The more I think about the recent breakthroughs in machine learning and deep learning algorithms, the more I think we are finally heading toward a smarter software future.

For years I had been writing about the need for better predictive intelligence in our software. It seems ridiculous that my smartphone does not know more about my context and take relevant actions on my behalf. If I’m in a meeting, send all calls to VM or send a text message. If I’m running late to a meeting, offer to send an email or text to those I’m meeting with to let them know I’m running late and an ETA of when I’ll be there (since it knows where I am on the road, the traffic situation, and my time to destination). Our smartphones are really not that smart when it comes to the intelligence equation. That is about to change.

Most modern software platforms like iOS and Android are increasingly adding elements of machine learning and beginning to extend more of the core platform intelligence to developers. The software community can now, in more ways, take advantage of platform APIs and start taking advantage of many of these advancements in deep learning to provide new and more valuable customer experiences.

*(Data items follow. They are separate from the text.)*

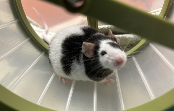 Meet Nimbus, a male Mouse with a white and black coat. Mice are relatively easy to care for, requiring daily feedings and weekly habitat cleanings. Did you know that mice make great, interactive pets? Like any animal, the more positive human interaction they experience, the more comfortable they will be around us. Although mice don't need long walks like dogs, or giant scratching towers around the house like cats, they still require physical exercise and mental stimulation to keep them happy and healthy, just on a smaller scale. You can get creative with your toilet paper rolls, tissue and cereal boxes to make fun new hidey holes and tunnels for your mice to explore. Twigs and branches also make great enrichment toys. Mice require a constant supply of high quality rodent mix as well as fresh fruit and veggies. Our male mice are generally adopted in pairs, as they do enjoy the company of their own species.
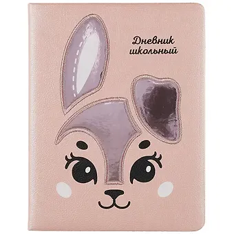 Дневник шк. «ЗАЯЦ» тв.переплёт, поролон, иск.кожа «Шеврет металлик», аппликация из иск.кожи, вышивка, шелкография в две краски, ляссе, инд.
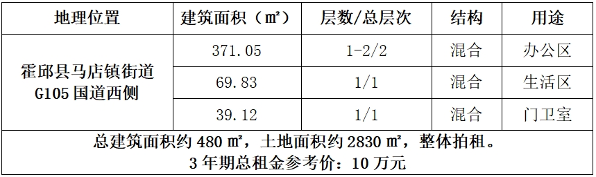 一、拍租標(biāo)的:位于霍邱縣馬店鎮(zhèn)街道G105國(guó)道西側(cè)的霍邱縣公安局交通管理大隊(duì)馬店中隊(duì)辦公用房3年期租賃權(quán),3年期總租金參考價(jià):10萬(wàn)元,成交后,競(jìng)得人與委托方簽訂3年期房屋租賃合同。標(biāo)的詳情見(jiàn)下表:

For a while now, my friend Benedict Evans has been referencing a saying from Eric Raymond that, “A computer should never ask the user for any information that it can auto-detect, copy, or deduce”. Yet, for the longest time, that is exactly what computers have been doing when it comes to machine learning and AI. My smartphone need never to ask where I am. It has that data via the built-in GPS. My smartphone also has my full calendar so it should be able to deduce what I am doing and where I am. The key point is, with the advancements in machine/deep learning, we are on the cusp of computers having to ask us significantly fewer questions going forward as they will increasingly be able to auto-detect, copy, and deduce more relevant information for us on their own. This is what has changed and will open the door to a much more intelligence based era of computing.

Communal vs. Personal Intelligence
One area of this discussion I’m very interested in is the difference between “communal machine learning” and “individual machine learning”. Most people discussing AI/machine/deep learning have not made a division between the two. Admittedly, communal machine learning, or big data being collected from a massive number of users for things like maps, visual recognition of general image knowledge, etc., has been the primary ways machine learning has been taking place. We have yet to crack the AI/machine/deep learning that will take place as a computer begins to study its user in more intimate ways.

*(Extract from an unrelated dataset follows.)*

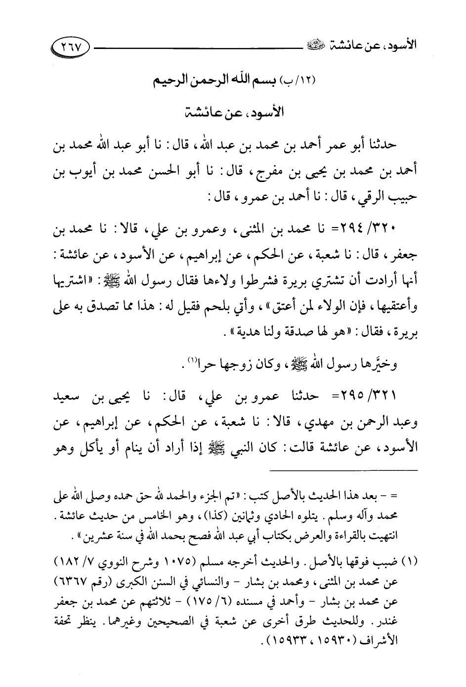 320- حَدَّثَنَا مُحَمَّدُ بْنُ الْمُثَنَّى وَعَمْرُو بْنُ عَلِيٍّ، قالاَ: حَدَّثَنا محمد بن جعفر، قالَ: حَدَّثَنا شعبة , عن الحكم , عن إبراهيم , عن الأسود , عن عائشة رضي الله عنها أنها أرادت أن تستري بريرة فشرطوا ولاءها فَقَالَ رَسُولُ اللَّهِ صَلَّى اللَّهُ عَلَيْهِ وَسَلَّمَ: اشتريها وأعتقيها فإن الولاء لمن أعتق". وأتي بلحم فقيل له هذا مما تصدق به على بريرة فقال: هو لها صدقة ولنا هدية.

The companies who will focus on communal vs. personal AI/machine/deep learning seem clear. Google wants to be the deepest domain expert in communal knowledge. They seem less focused on going deep on the specific and intimate details of the user and trying to gather just enough information to be able to relevantly answer any query. This is one reason why I believe Google is not building something with a name like Siri/Cortana/Alexa which would encourage a user to build a relationship. Rather Google seems content to let others focus on the personal AI and simply let their big communal data sets feed the personal AI chosen/hired by the consumer to be their personal assistant.

On the other hand, Apple, Amazon, and Microsoft seem to be looking to go deeper with the individual user and build tools that let them have deeper relationships and thus, reveal more intimate details about themselves to their personal agents. Trust about privacy is the key here and it’s something the companies I mentioned seem to have a better “trust-centered relationship” than Google. Again, perhaps Google knows this and that is why their focus is elsewhere, at least for the moment.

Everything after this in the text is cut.